As I hop a modern wire fence which attempts to block my path, I note the cow patties that now greet me on my path. I sketch these remnants of a living creature and wonder how long it’s creator has been away. A day? A week? When will this animal return? Will it come with its friends to leave additional impressions on their land? I leave these animals’ home and climb through the fence back toward the classroom.

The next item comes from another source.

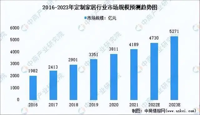 2021年中國定制家居行業(yè)的市場規(guī)模已經(jīng)突破4000億元,2016-2021年復合增長率達16%,行業(yè)保持良好的發(fā)展態(tài)勢。中商產(chǎn)業(yè)研究院預(yù)計2023年中國定制家居市場規(guī)模能突破5000億元。能夠提供便捷、周到的的服務(wù),以及樣式齊全的產(chǎn)品,成為家居門店爭奪主流客戶的核心競爭力。

I take a final turn and am on route back to the promise of heat and chocolate that awaits me, but before I get too close I take a final detour. I find a stretching log on the ground and sit, watching the movement of leaves in the wind, listening to the babble of the frozen creek, smelling the dirt and decaying leaves surrounding me, and feeling the cool bark under my jeans. Growing on this collapsed log to my left is fungus, stubbornly perpendicular to the log, defying gravity and refusing to fall. On my left, a creature has torn the bark away and drilled holes into the side. Was this the work of a woodpecker? Perhaps another bird or hungry insects? How many animals seek food or even shelter in these crevices? I know only that I am a visitor in their world, a brief inconvenience at most. Nature and her life will be here after I go. She has always been and always will be. After all of us temporary visitors have gone, some of us wounding her and some of us trying to help her, she will continue on her way. This dead and decaying log may seem dead, but it is full of life. It supports the other creatures of the forest even after it could no longer support itself. I mark its shape and growing companions in my book and take the last steps back to our man-made building. How long will this building itself remain here? Will nature’s eternal impact ever erase the presence of anything other than trees and rocks and animals and other growth? I may never know the answers to any of my questions, but I do know that this land has no regard for what I wonder, and the stretching time of this environment humbles my perspective on how I interact with the natural world around me.